All of these pieces of legislation and cases display the role that the War on Some Drugs and Users plays on civil liberties in the United States. While, in the past, most of the laws that hurt civil liberties in America were overturned and ruled unconstitutional by the Supreme Court, the Controlled Substances Act has stood up against several trials in front of the Supreme Court, and has yet to be deemed unconstitutional. Not many new drug prohibition laws have been passed since 1970, but in 1998, Mark Souder, Representative from Indiana, introduced the Aid Elimination Penalty Provision to the Higher Education Act. This Amendment required students applying for Financial Aid to answer a question on their FAFSA forms which asked whether or not they had been convicted of a drug felony. If the student answers ‘Yes’ to the question, they are denied aid. There is a current case in the U.S. Court of Appeals for the Eight District called SSDP v. Spellings which considers significant historical evidence that shows that the Aid Elimination Provision violates the Double Jeopardy Clause of the Fifth Amendment, considering that a ‘Yes’ answer may prevent a student from going to college. This is a punishment for the same offense twice, which is violation of the Fifth Amendment.

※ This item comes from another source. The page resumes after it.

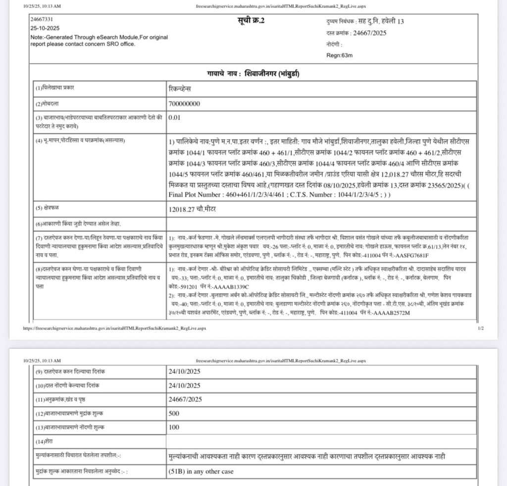 विजय कुंभार यांनी म्हटलं आहे की, पुण्याच्या मॉडेल कॉलनीमधील जमिनीच्या व्यवहारांमध्ये आता अनेक नवीन नवीन बनवाबनवीचे प्रयोग दिस येऊ लागले आहेत. या जमिनीला दोन पतसंस्थांनी कर्ज दिलं. त्यामध्ये बुलढाणा व कर्नाटकातील भिडेश्वर पतसंस्था होती. 70 कोटी कर्ज दिलं. त्यामध्ये बऱ्याच गडबडी झाल्या. त्याचे गहाणखत सुद्धा झालं. गहाणखत झाल्यानंतर काही दिवसांनी त्या बँकांनी सांगितलं होतं की आमचा या प्रॉपर्टीवरचा बोजा कमी करा, म्हणजे आमचा आता या प्रॉपर्टीवर हक्क नाही. त्यांच्या त्या पत्रावरही हस्तक्षेप घेण्यात आले. त्यानंतर काल या पतसंस्थांनी रिकन्व्हेन्स डीड म्हणजे जी प्रॉपर्टी घेतली होती त्या प्रॉपर्टीवर आता आपला हक्क नाही, ती प्रॉपर्टी पुन्हा मूळ मालकाकडे आपण सोपवत आहोत अशा अर्थाचा एक दस्त तयार करून घेतला.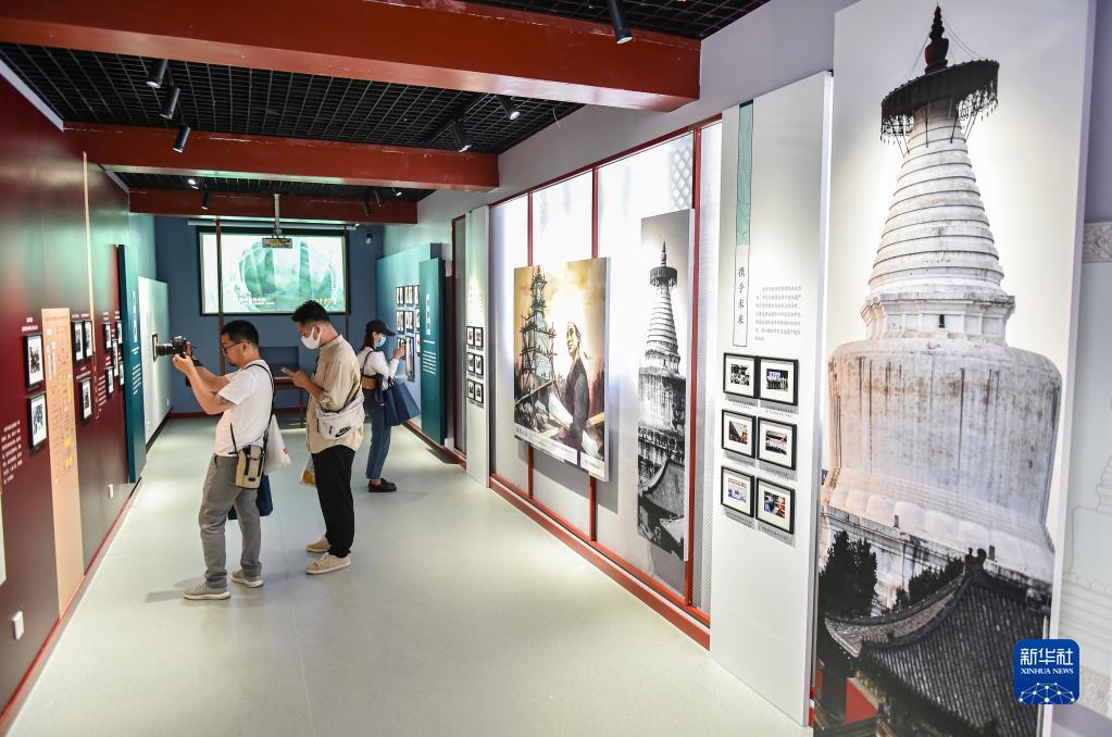 6月10日,2023“文化和自然遗产日”北京市主场活动暨北京白塔文化周开幕。观众在参观“映像白塔——历史镜头中的妙应寺”展览。

Since its inception, the War on Some Drugs and Users has been a major hindrance on civil liberties in America. Whether it be a citizen’s right to medicine, right to privacy, protection from self-incrimination, or protection from double jeopardy, the War on Drugs has tried to take these away, only to be protected eventually by the Supreme Court. In all of these cases, it takes a single person and single case to overturn the law, whether it is Dr. Linder or Dr. Leary. What can be learned from this is that it seems unfeasible to prohibit drug use by private individuals without severely harming a citizen’s civil liberties. As our Founding Fathers were private drugs users, so are tens of millions of citizens in this country. All that needs to happen from this point on is for an individual to challenge the constitutionality of the Controlled Substances Act, which, if looked in the proper light, cannot be seen as constitutional by any means.